* The task *
Your output must be the lines below from the line containing "VOV.VN - Đảo" to the line containing "Part sociale Combelga", both lines included, reproduced exactly and without pictures.

* Data for review *
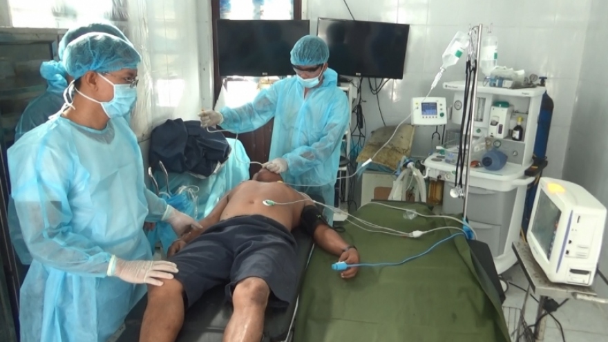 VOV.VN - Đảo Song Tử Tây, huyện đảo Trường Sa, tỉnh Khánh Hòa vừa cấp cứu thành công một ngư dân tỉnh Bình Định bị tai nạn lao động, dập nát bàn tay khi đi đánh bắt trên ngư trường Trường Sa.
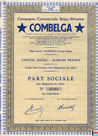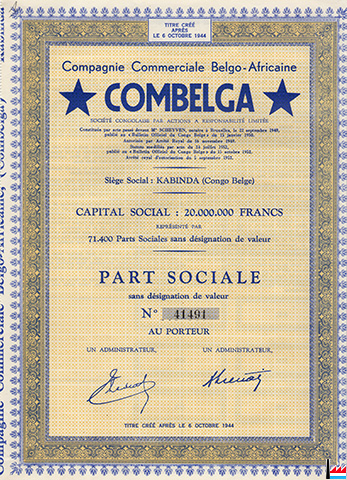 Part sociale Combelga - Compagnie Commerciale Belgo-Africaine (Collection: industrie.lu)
==
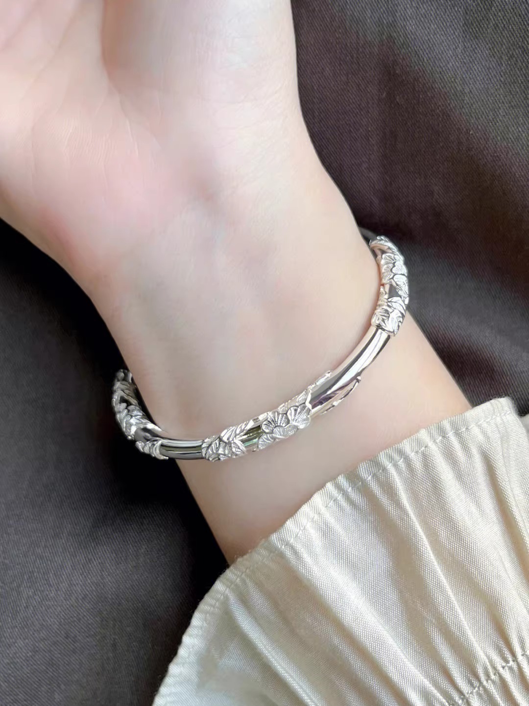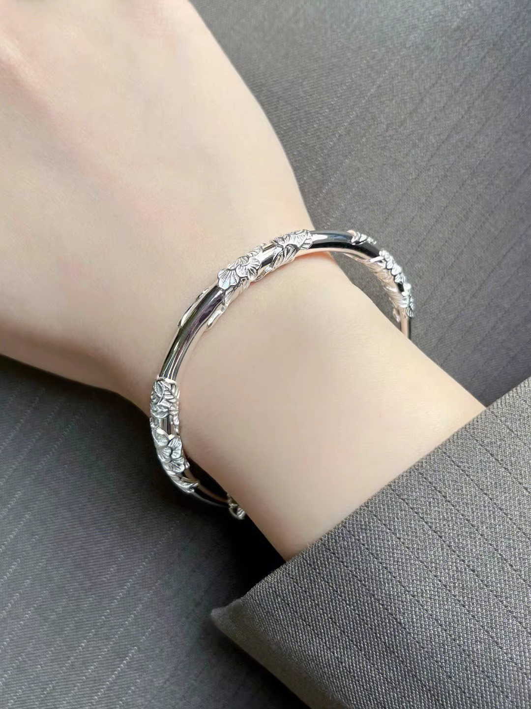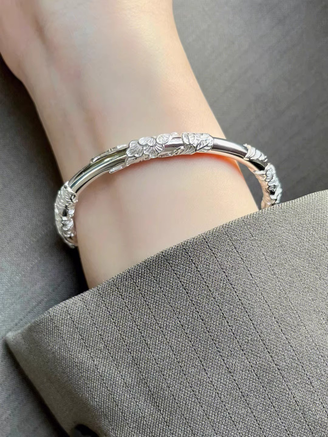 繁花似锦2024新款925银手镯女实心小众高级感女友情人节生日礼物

* Output for this exercise *
 VOV.VN - Đảo Song Tử Tây, huyện đảo Trường Sa, tỉnh Khánh Hòa vừa cấp cứu thành công một ngư dân tỉnh Bình Định bị tai nạn lao động, dập nát bàn tay khi đi đánh bắt trên ngư trường Trường Sa.
 Part sociale Combelga - Compagnie Commerciale Belgo-Africaine (Collection: industrie.lu)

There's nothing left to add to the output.